What is expected:
Work through the listing below and give again exactly the lines from the one with "The right lighting" to the one with "Universal Power Group", both ends included. All other lines and all pictures stay out.

Records provided:
——

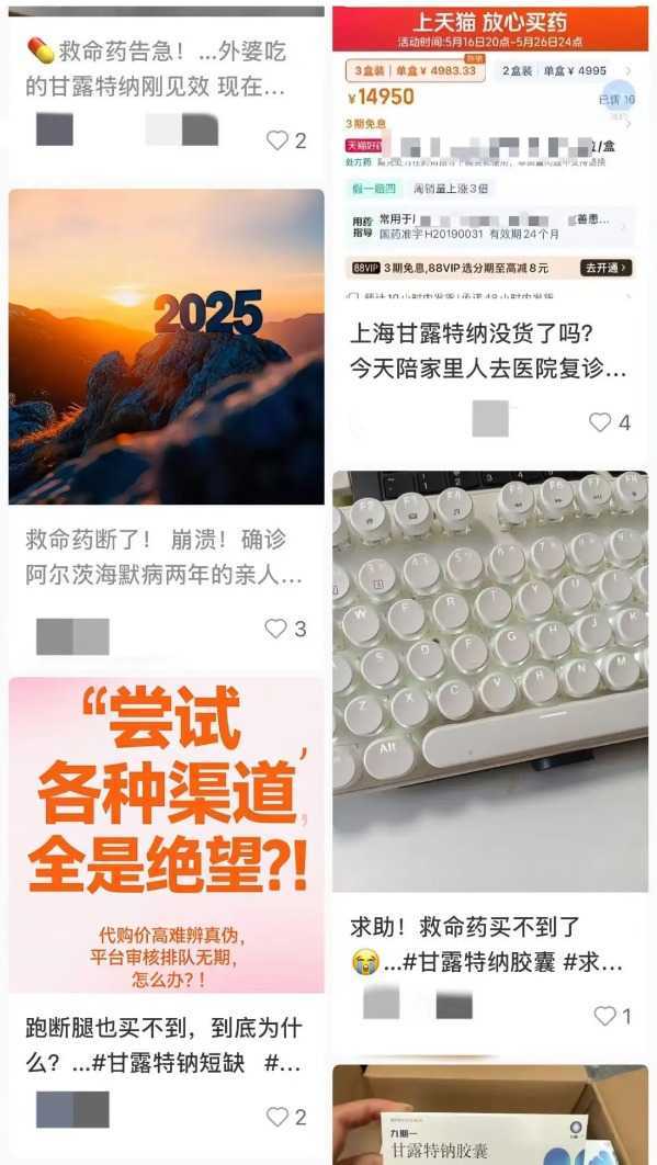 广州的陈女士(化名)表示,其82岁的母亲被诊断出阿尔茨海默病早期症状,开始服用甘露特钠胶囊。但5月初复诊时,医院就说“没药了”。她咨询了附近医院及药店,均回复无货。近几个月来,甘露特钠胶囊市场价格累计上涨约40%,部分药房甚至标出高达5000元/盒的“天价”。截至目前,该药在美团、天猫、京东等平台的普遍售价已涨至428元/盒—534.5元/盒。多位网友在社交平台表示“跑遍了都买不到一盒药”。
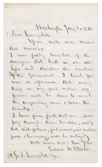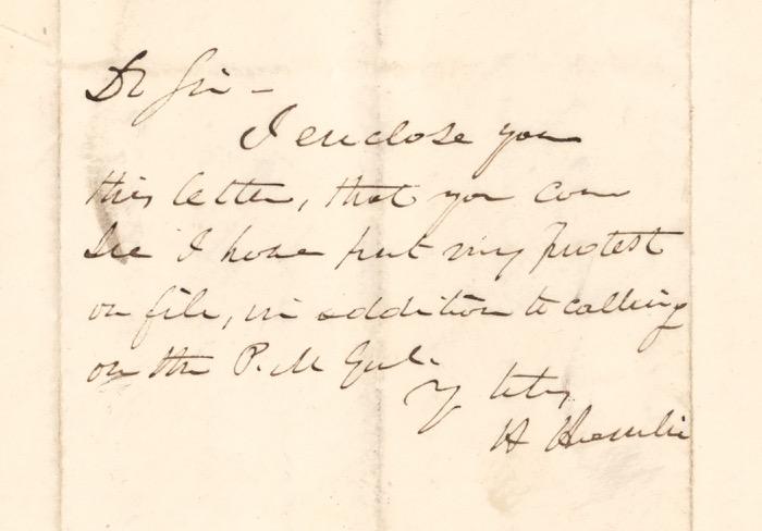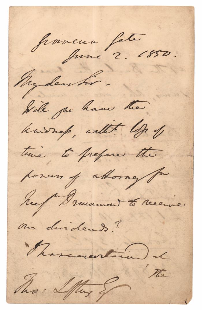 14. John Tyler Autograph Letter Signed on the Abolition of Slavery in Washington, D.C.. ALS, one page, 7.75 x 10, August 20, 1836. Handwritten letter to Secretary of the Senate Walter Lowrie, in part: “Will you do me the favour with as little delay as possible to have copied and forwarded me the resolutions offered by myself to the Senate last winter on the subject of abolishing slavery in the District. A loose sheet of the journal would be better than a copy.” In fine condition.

——

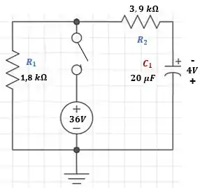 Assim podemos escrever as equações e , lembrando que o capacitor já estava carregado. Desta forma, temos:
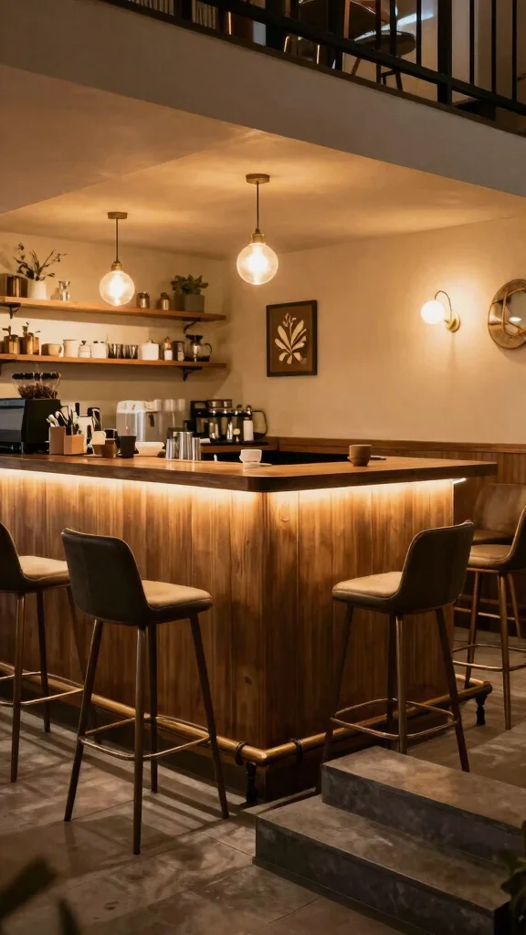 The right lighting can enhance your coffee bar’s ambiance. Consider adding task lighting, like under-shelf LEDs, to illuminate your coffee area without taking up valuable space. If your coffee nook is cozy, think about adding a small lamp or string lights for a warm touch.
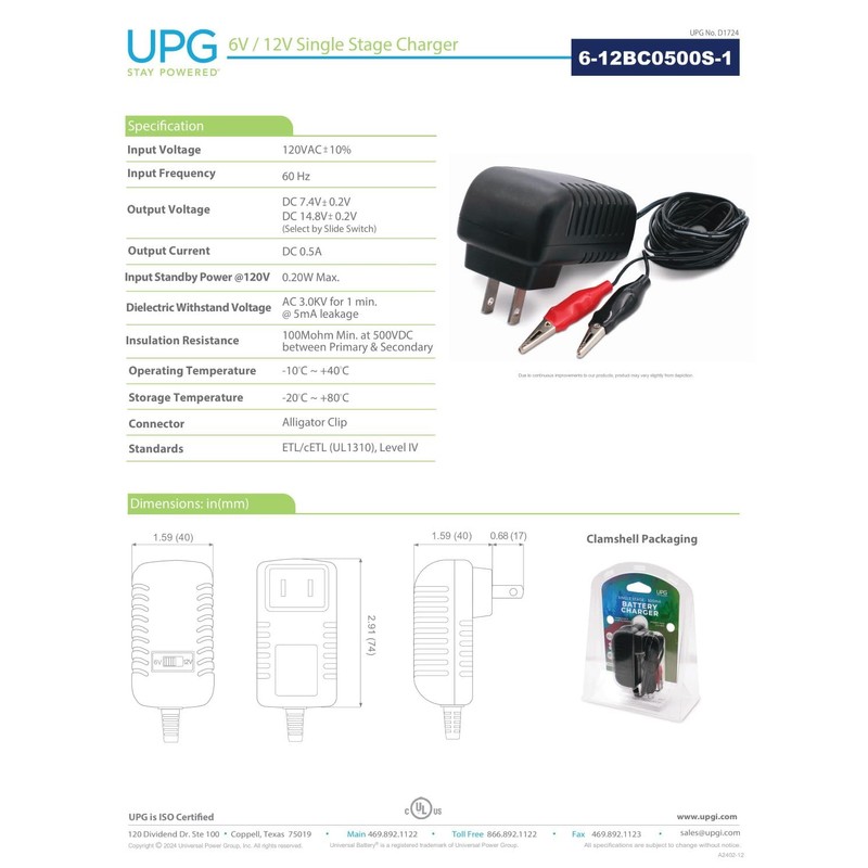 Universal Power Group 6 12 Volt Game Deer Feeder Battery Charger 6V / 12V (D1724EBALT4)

——

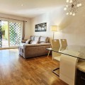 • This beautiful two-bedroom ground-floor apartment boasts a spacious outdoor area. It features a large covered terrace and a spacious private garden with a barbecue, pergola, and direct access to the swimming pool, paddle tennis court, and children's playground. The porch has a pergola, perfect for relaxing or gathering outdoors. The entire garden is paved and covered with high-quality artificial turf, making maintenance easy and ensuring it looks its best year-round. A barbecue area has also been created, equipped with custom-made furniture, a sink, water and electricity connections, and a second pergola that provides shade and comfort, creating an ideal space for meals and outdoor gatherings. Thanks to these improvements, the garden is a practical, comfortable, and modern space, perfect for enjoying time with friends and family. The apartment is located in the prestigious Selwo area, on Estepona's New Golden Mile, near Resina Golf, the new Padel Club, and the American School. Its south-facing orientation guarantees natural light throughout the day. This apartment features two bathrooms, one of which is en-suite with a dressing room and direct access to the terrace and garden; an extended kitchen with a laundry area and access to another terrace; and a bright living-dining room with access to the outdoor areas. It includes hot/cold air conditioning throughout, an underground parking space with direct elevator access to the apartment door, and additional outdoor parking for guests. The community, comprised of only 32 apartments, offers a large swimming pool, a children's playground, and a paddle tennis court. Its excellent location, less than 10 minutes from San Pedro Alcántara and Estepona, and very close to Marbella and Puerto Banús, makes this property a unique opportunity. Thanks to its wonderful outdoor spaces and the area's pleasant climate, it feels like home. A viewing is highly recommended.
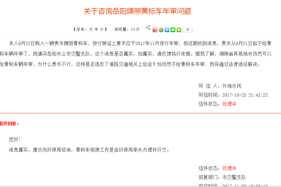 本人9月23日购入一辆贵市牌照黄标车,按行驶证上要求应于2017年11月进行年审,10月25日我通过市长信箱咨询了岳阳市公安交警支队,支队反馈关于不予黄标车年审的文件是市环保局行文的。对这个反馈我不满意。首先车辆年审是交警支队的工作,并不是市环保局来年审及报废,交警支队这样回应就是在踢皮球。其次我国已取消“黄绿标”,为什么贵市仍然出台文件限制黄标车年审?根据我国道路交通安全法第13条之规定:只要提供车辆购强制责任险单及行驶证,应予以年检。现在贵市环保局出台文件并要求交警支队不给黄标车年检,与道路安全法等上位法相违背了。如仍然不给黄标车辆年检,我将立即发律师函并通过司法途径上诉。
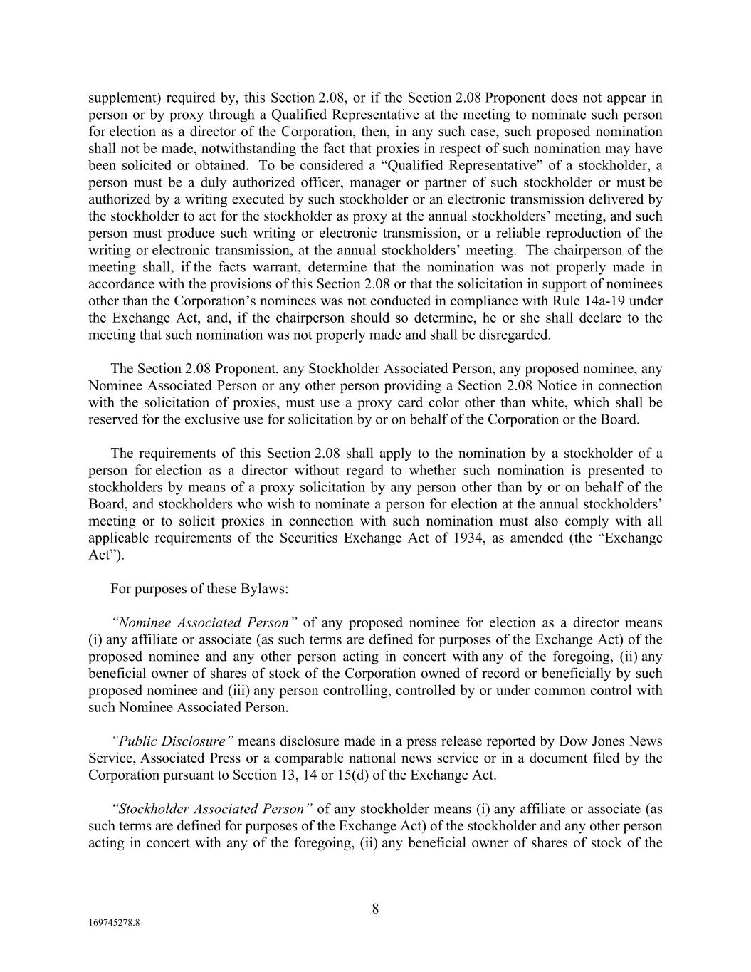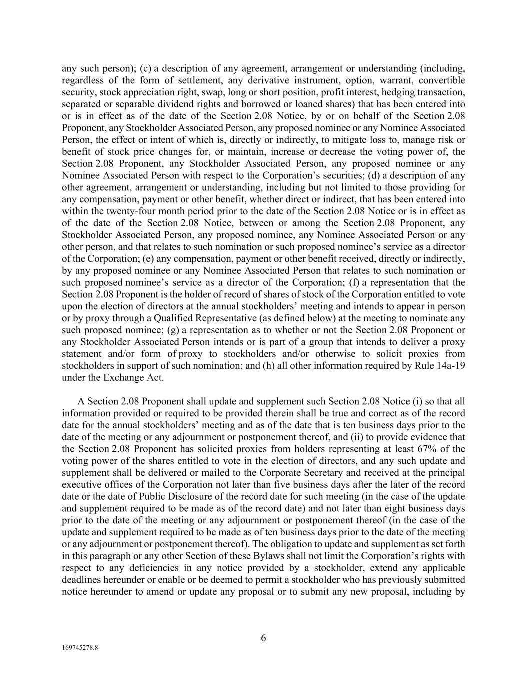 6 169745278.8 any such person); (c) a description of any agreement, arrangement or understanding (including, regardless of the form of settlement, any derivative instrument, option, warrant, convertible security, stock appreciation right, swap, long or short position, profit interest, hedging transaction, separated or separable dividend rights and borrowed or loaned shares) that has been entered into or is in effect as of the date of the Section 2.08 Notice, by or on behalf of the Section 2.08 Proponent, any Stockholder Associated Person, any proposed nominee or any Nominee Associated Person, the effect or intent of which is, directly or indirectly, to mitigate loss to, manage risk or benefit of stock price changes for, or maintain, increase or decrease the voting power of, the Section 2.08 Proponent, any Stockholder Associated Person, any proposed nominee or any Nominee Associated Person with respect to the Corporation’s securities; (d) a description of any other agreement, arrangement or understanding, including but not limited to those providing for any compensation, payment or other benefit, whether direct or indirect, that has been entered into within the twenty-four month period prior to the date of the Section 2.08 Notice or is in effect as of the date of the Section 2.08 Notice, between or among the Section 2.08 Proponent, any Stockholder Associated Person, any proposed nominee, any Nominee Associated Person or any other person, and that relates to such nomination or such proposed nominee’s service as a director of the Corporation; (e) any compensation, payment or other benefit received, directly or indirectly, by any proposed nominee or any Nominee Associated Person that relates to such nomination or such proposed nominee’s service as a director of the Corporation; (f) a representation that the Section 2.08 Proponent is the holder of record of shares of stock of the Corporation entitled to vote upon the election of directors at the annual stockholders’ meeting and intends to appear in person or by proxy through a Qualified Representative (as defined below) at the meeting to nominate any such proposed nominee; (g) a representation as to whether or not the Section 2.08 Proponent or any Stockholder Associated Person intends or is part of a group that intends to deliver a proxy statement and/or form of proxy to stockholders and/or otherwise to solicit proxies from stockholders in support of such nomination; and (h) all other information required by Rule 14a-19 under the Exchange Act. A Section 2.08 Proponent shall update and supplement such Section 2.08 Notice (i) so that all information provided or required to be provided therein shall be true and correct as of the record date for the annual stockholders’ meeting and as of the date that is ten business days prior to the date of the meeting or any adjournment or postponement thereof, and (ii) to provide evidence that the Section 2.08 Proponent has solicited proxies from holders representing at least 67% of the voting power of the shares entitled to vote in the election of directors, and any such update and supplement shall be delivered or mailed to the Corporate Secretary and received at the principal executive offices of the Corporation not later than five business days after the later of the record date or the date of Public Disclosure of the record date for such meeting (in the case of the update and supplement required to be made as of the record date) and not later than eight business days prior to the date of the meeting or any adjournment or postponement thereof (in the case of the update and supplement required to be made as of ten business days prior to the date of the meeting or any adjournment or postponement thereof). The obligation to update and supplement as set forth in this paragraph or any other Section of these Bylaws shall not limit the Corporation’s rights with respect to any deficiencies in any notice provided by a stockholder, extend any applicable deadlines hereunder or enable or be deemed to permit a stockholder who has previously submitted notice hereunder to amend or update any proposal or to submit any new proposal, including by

——

Result for this exercise:
 The right lighting can enhance your coffee bar’s ambiance. Consider adding task lighting, like under-shelf LEDs, to illuminate your coffee area without taking up valuable space. If your coffee nook is cozy, think about adding a small lamp or string lights for a warm touch.
 Universal Power Group 6 12 Volt Game Deer Feeder Battery Charger 6V / 12V (D1724EBALT4)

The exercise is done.